- Peur… peur… peur…

Après son cri guttural, Hotch prononçait ces mots dans un gémissement grave, ramassé sur lui-même, l'air aussi honteux que terrifié.

Cela l'anéantissait de le dire. Toutefois, il ne pouvait faire mieux pour expliquer ce qui n'allait pas. Le petit animal enfermé au fond de son cerveau se jetait en avant, encore et encore, incapable de vaincre les barreaux qui le retenaient mais prêt à mourir en essayant.

- Je sais, je sais… moi aussi j'ai peur !
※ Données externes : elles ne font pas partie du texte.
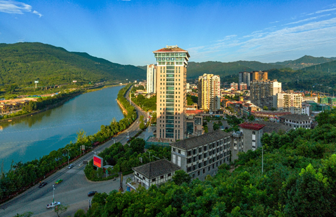 遥望剑阁县城,高22层的剑门大厦格外醒目,作为黑龙江援建剑阁县的市政建设标志性工程之一,大厦极大地提升了剑阁的城市品位。

Reid espérait qu'entendre qu'il n'était pas seul dans sa terreur relâcherait suffisamment les liens imposés par Lewis pour permettre à Hotch de se libérer une fois pour toute.

Ce n'était cependant pas qu'un subterfuge. Spencer était honnête. Au-delà de son intellect flamboyant, il restait étonnement candide. Cette sensibilité le rendait notamment vulnérable face aux œuvres de son imagination fertile. Sa mémoire eidétique lui fournissait une base conséquente pour de terribles créations. Les cauchemars étaient les compagnons réguliers de ses nuits.

A présent, il souhaitait utiliser ce qui perturbait son esprit pour créer un havre où Hotch tomberait en toute sécurité.

- Moi aussi j'ai peur, Hotch. Souvent ! Et je fais également des cauchemars. Vous n'êtes pas le seul !

Il envoya à Rossi un regard implorant, que l'autre agent compris. Il s'approcha, et d'un ton sincère et insistant, il ajouta sa propre confession :

- Je suis effrayé à chaque nouvelle affaire, Aaron. Bon sang, quelque chose n'irait vraiment pas chez toi si tu n'avais pas peur.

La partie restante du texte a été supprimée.